Australian journalist

Daniela Ritorto is an Australian journalist, presenter, and communications consultant.
==Early life and education==
Daniela Ritorto was born in Adelaide, South Australia.

==Career==
Ritorto began work as a cadet for the Australian Broadcasting Corporation (ABC), as news presenter for 1062 ABC Riverland from 2003 until 2004, when she moved to South Australian politics for ABC News.
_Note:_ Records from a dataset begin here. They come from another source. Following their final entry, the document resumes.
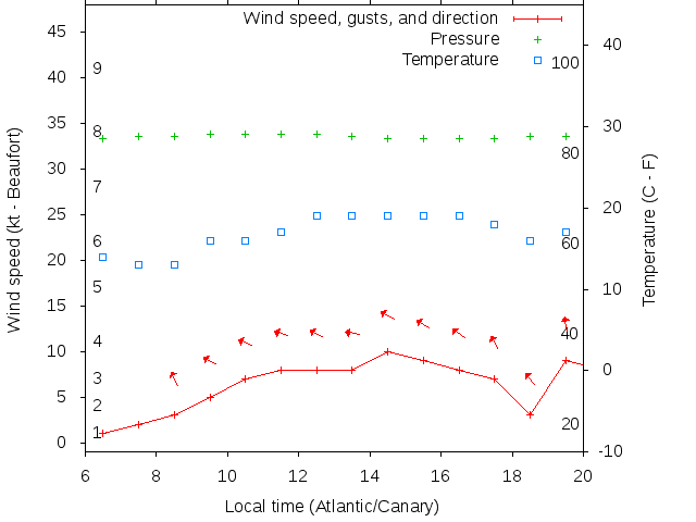 Dawn after 6:00; dusk before 20:00 local time (Atlantic/Canary).
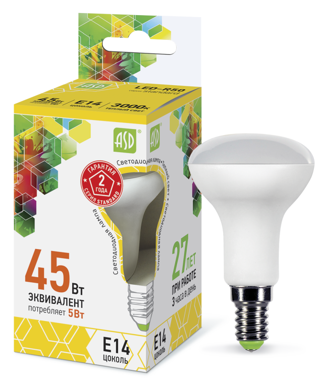 Лампа светодиодная матовая Standard R50 5 Вт 230В 3000K E14 ASD (10/100 шт)
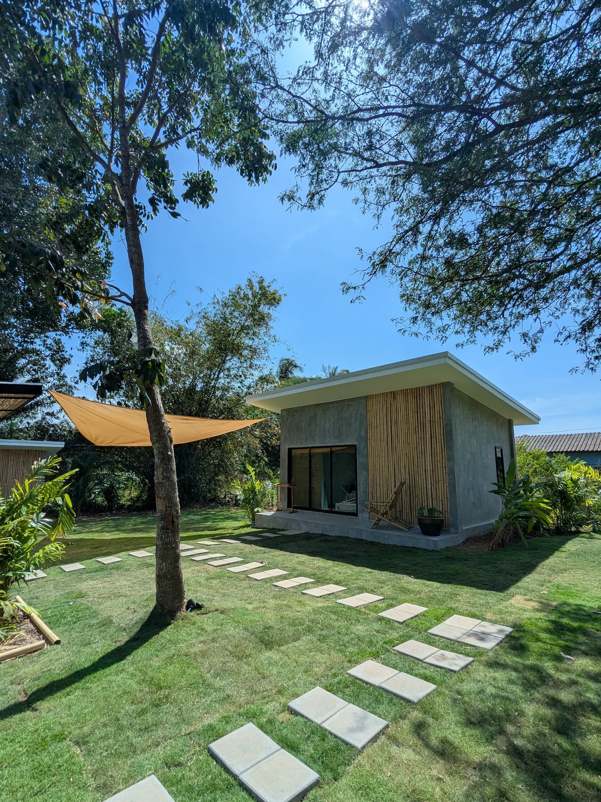 Surrounded by greenery the Bangalow was designed with simplicity and sustainability in mind. Nearly everything inside has been made in Thailand using natural, locally sourced materials, with minimal plastic and a strong connection to local businesses. We aimed to create a calm, grounded space in a neighbourhood we truly love - quiet, authentic, and full of understated beauty. We’re excited to share it with guests who want to slow down, breathe, and experience a more peaceful side of Thailand.
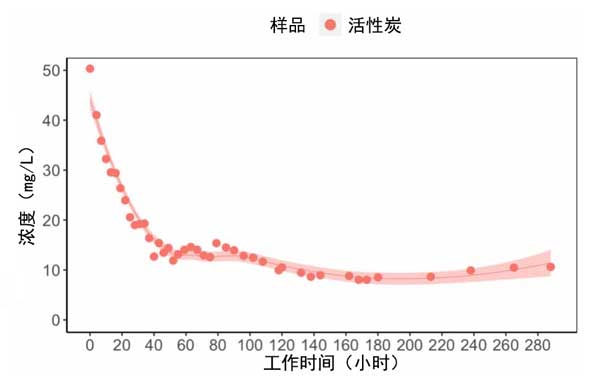 圖2:運(yùn)行期間主體相中動(dòng)力活性炭濃度的變化。
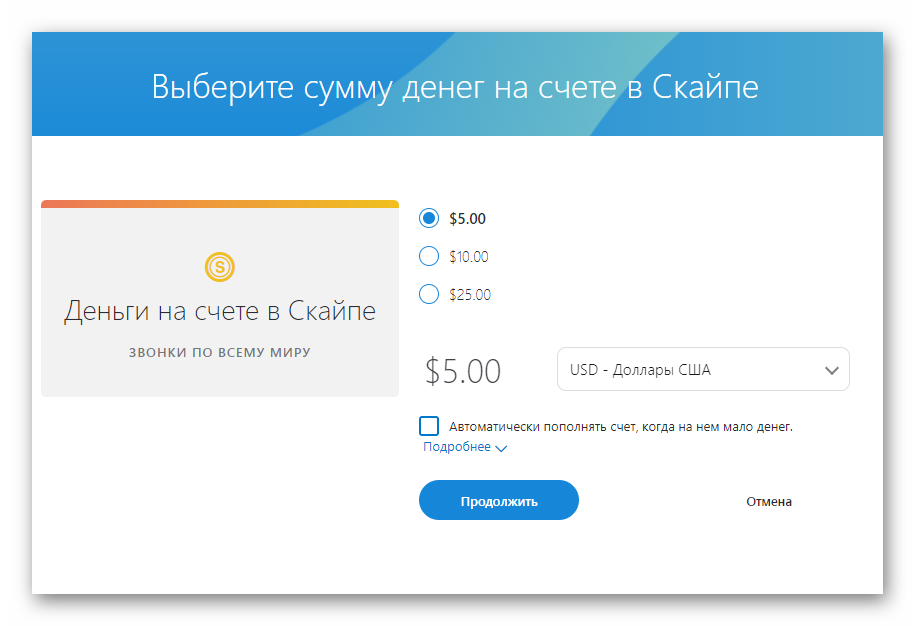 Но дело в том, что пополнить Skype на сумму меньше 5 долларов получится только специальным ваучером.
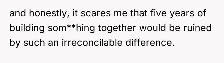 The individual faces a profound internal conflict, torn between the desire to maintain a deeply valued five-year relationship and the absolute necessity of upholding a fundamental life choice against their partner's sudden shift in desire. The core difficulty lies in the partner's accusation of selfishness when the personal stance on children is non-negotiable.
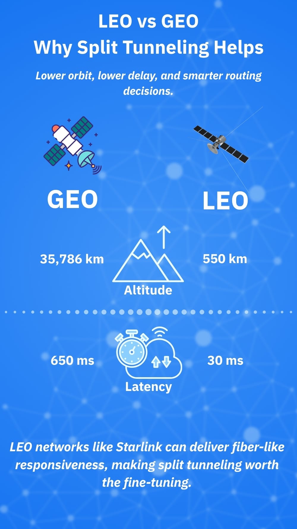 Why this setup: LEO latency varies by geography and time of day, but is routinely far lower than GEO. Independent measurements from Australia’s regulator found an average latency of ~30 ms for LEO vs ~665 ms for GEO, which aligns with broader observations from the Internet Society’s global tests. That means a well-tuned split tunnel can feel “local” for most browsing, while still protecting sensitive flows.

She then became a political reporter for Network Ten.

Ritorto moved to London around 2011 to work for BBC World News, where she hosted a variety of programmes, including the main weekend overnight presenter of BBC World News which is broadcast on BBC News in the UK, around the world on BBC World News channel, and on public television in America, live from the "World's Newsroom in London". She also acted as the London presenter of Newsday, World News Today, and Outside Source, on a relief basis.

In January 2016 she returned to Australia, after five years of service at the BBC, initially settling in Canberra.

She returned to Adelaide in 2018 and was the media and communications manager for energy company Santos Limited], before leaving in 2019.

Ritorto was appointed chief political correspondent and Parliament House bureau chief for the Special Broadcasting Service (SBS).

==Other activities==
Ritorto was a member of the Adelaide Festival board until January 2026, when she resigned following the Adelaide Writers' Week boycott.

==Personal life==
Ritorto married to ALP politician and Minister for Health and Aged Care Mark Butler.